### Exercise instructions
Copy exactly, and only, the lines between the start of the entries below and the line containing "Short sleeves. Classic", both inclusive. Omit pictures.

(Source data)

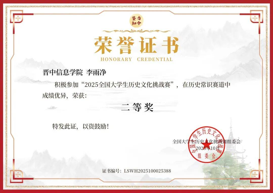 在2025年全国大学生历史文化挑战赛历史常识赛道,高美丽老师指导李雨净同学荣获二等奖。
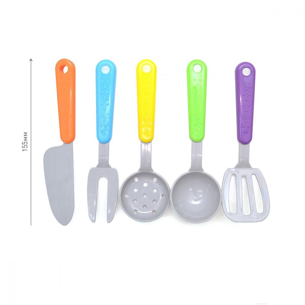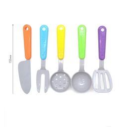 • Посуда в комплекте нож, кухонные приборы (половник, шумовка, лопатка с прорезями, вилка)
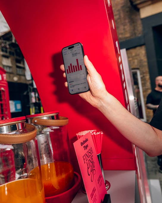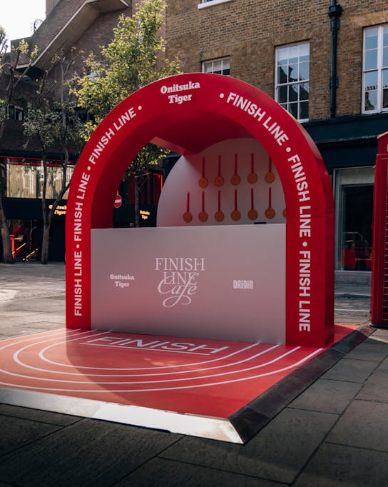 The idea: the Finish Line Café. A pop-up café in the shape of a marathon finish arch that rewards visitors who show proof of 10k steps with a special drink by Origin Coffee and a chocolate medal.
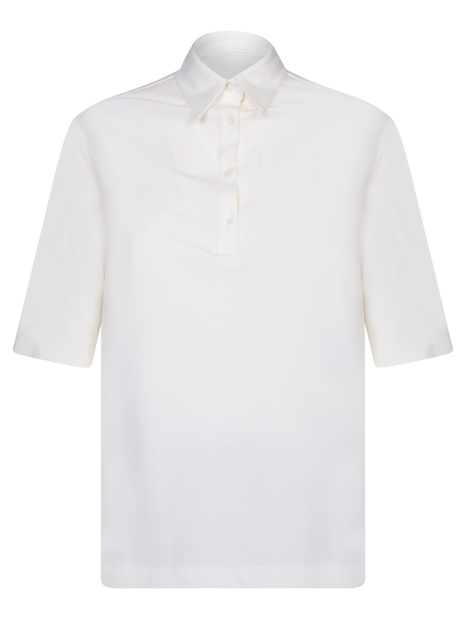 Short sleeves. Classic collar with three-button placket. Regular fit.
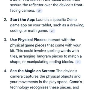 The Osmo system works by using your iPad or Fire tablet's front-facing camera, a stand with a reflector, and the physical game pieces to create an interactive learning experience. The system uses what Osmo calls "Reflective AI" to scan the physical game pieces and the user's actions, bringing the digital game to life on the screen and providing immediate, interactive feedback. This allows children to learn through hands-on play, combining physical objects with engaging digital apps to teach skills like coding, drawing, and math.
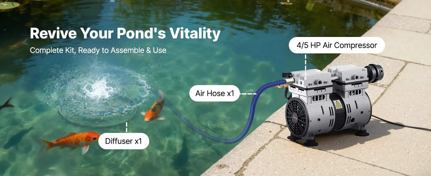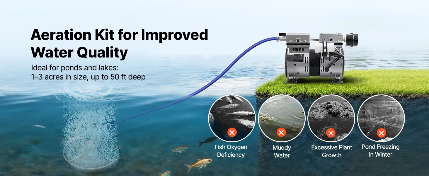 VEVOR Aerator do oczka wodnego, zestaw pomp do napowietrzania oczka wodnego, system napowietrzania oczka wodnego o mocy 590 W, 1400 obr./min, sprężarka powietrza do cyrkulacji tlenu z płytą dyfuzyjną Nano 360°, do oczka wodnego i ogrodu wodnego
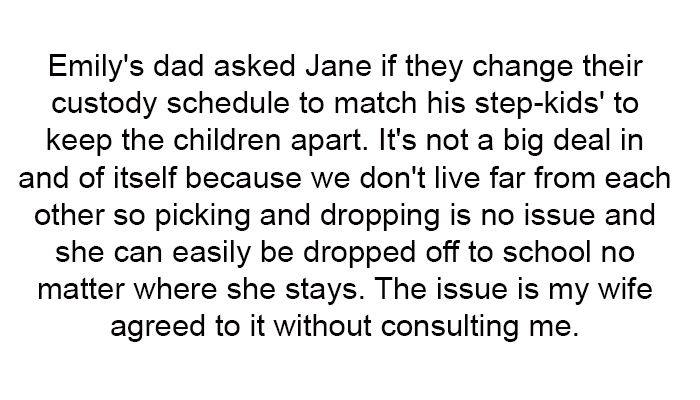 Recently, a custody schedule change was proposed to separate Emily from her new, conflicting step-siblings. Jane agreed to this change without consulting her husband, impacting their Saturday routine.
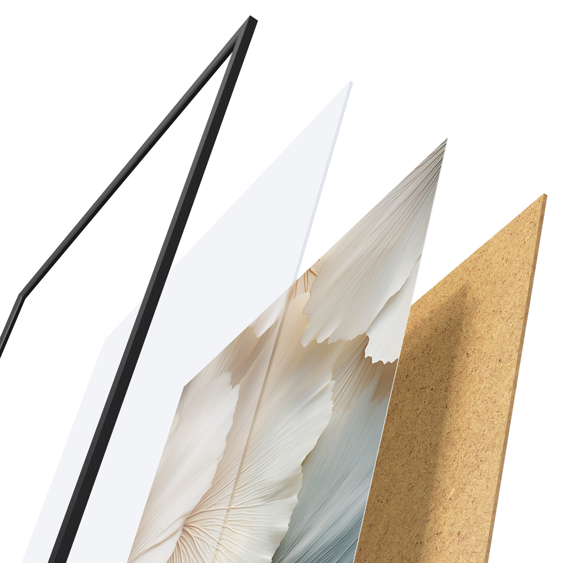 Das Poster besteht aus einem Rahmen, Plexiglas, einem gedruckten Bild und einer Rückwand aus Spanplatten. Dank der Halterungen auf der Rückseite kann das Poster sofort an die Wand gehängt werden.
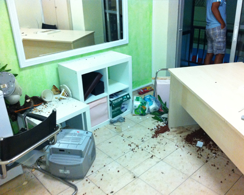 Ζημιές προκλήθηκαν και στο πολιτικό γραφείο της βουλευτού του ΠΑΣΟΚ, Ευαγγελίας Κουρουπάκη.
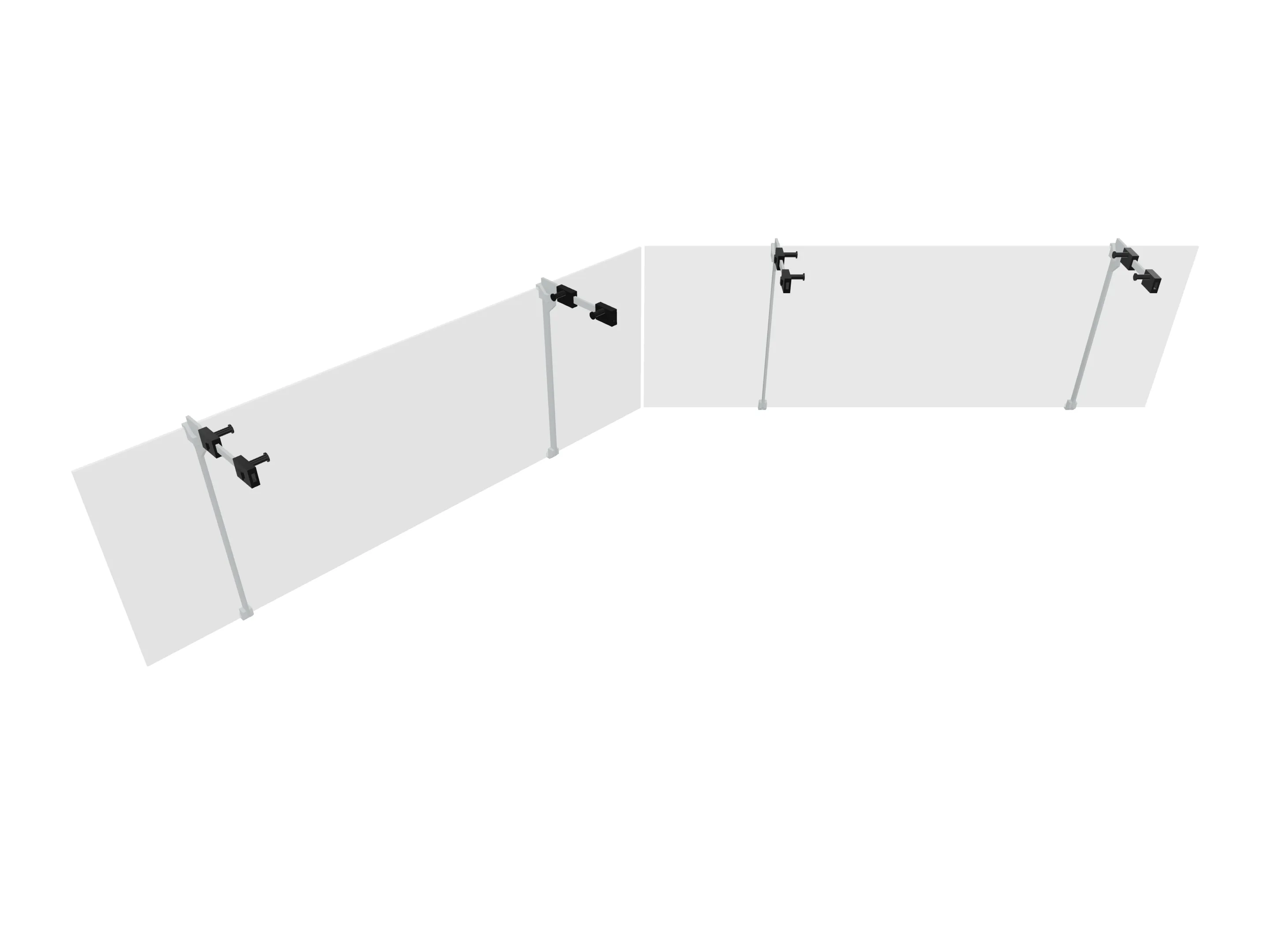 Bureau met 2 poten (vaste hoogte 720mm), waarvan beide 800mm diep. Bureaublad is in een hoek van 120° geplaatst. Buitenmaat is links en rechts 1200mm. Incl. steunpoot op de hoek.
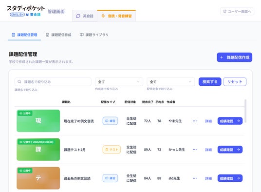 教員専用の管理画面では、「英会話」機能同様、課題配信や児童生徒の学習状況を確認できます。
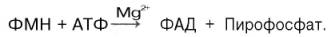 Образование ФАД в тканях также протекает при участии специфического АТФ-зависимого фермента ФМН-аденилилтрансферазы. Исходным веществом для синтеза является ФМН:
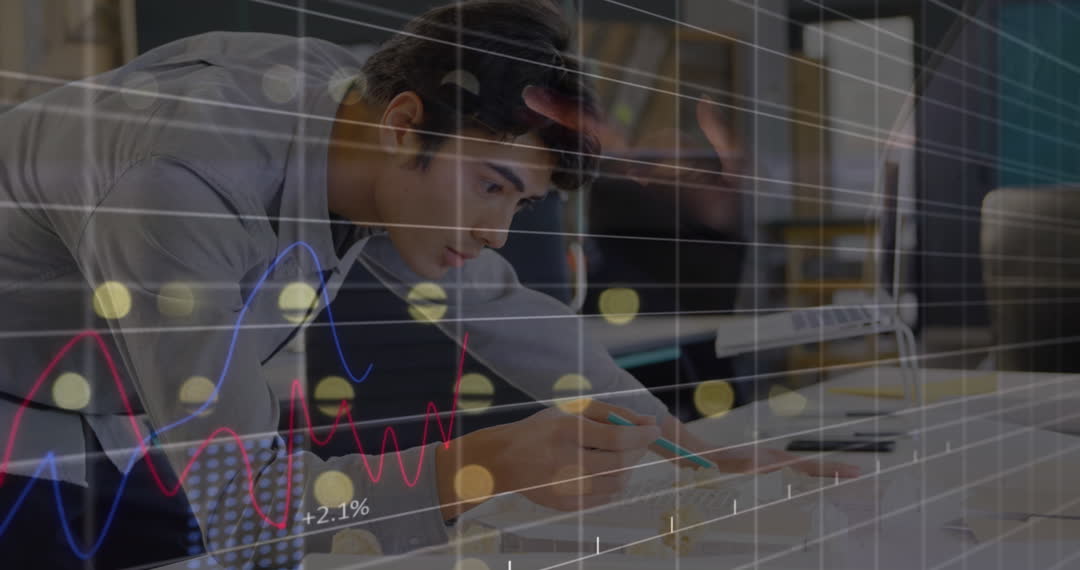 A concentrated young professional is working intensely on financial data, symbolized by superimposed graphs and charts. This visual highlights themes of financial analytics and strategic business thinking. Ideal for use in corporate presentations, finance-themed advertising, and articles about economic forecasting or business growth.
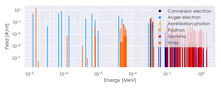 Spectra source: ICRP Publication 107: Nuclear Decay Data for Dosimetric Calculations. Ann. ICRP 2008, 38 (3).
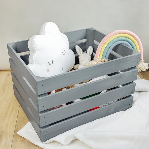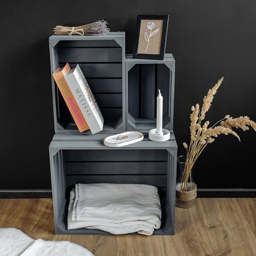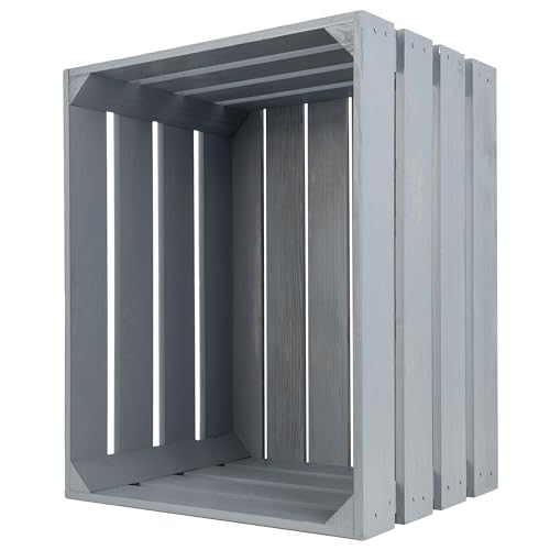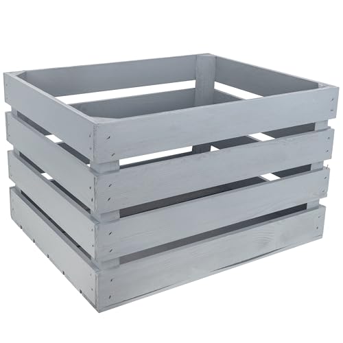 Creative Deco - Creative Deco Grey Wooden Storage Crate, 50 x 40 x 30 cm, Polished, Fruit Box, Wine Crate, Apple Box
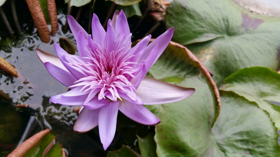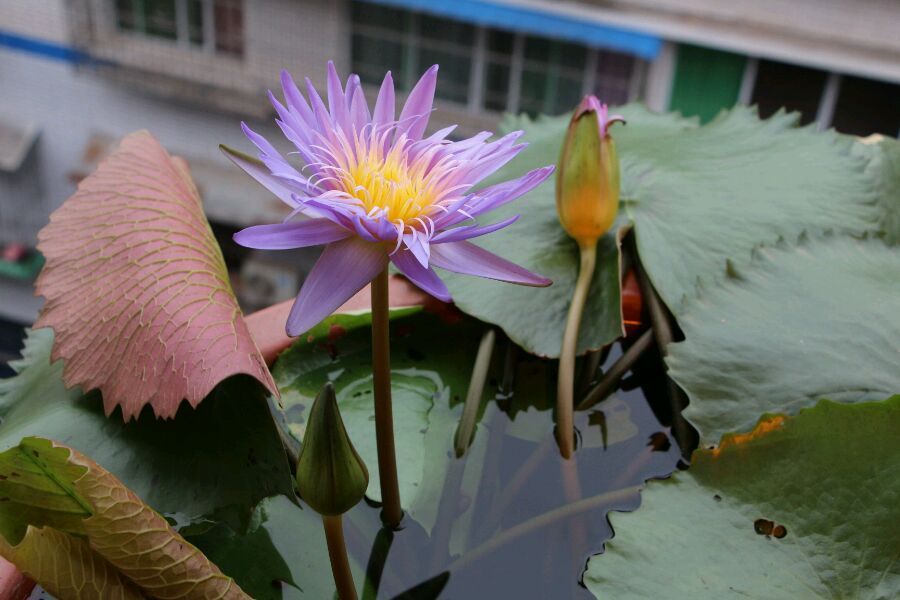 看你描述的,就知道老板忽悠你的,在国内还没几个地方睡莲能在自然环中能一年四季开花的。观音莲:佛教叫睡莲都叫观音莲。(还有种像水葫芦的,水白菜,有的也叫它观音莲,放水里就行,但它不是睡莲。)

### Written answer
 在2025年全国大学生历史文化挑战赛历史常识赛道,高美丽老师指导李雨净同学荣获二等奖。
 • Посуда в комплекте нож, кухонные приборы (половник, шумовка, лопатка с прорезями, вилка)
 The idea: the Finish Line Café. A pop-up café in the shape of a marathon finish arch that rewards visitors who show proof of 10k steps with a special drink by Origin Coffee and a chocolate medal.
 Short sleeves. Classic collar with three-button placket. Regular fit.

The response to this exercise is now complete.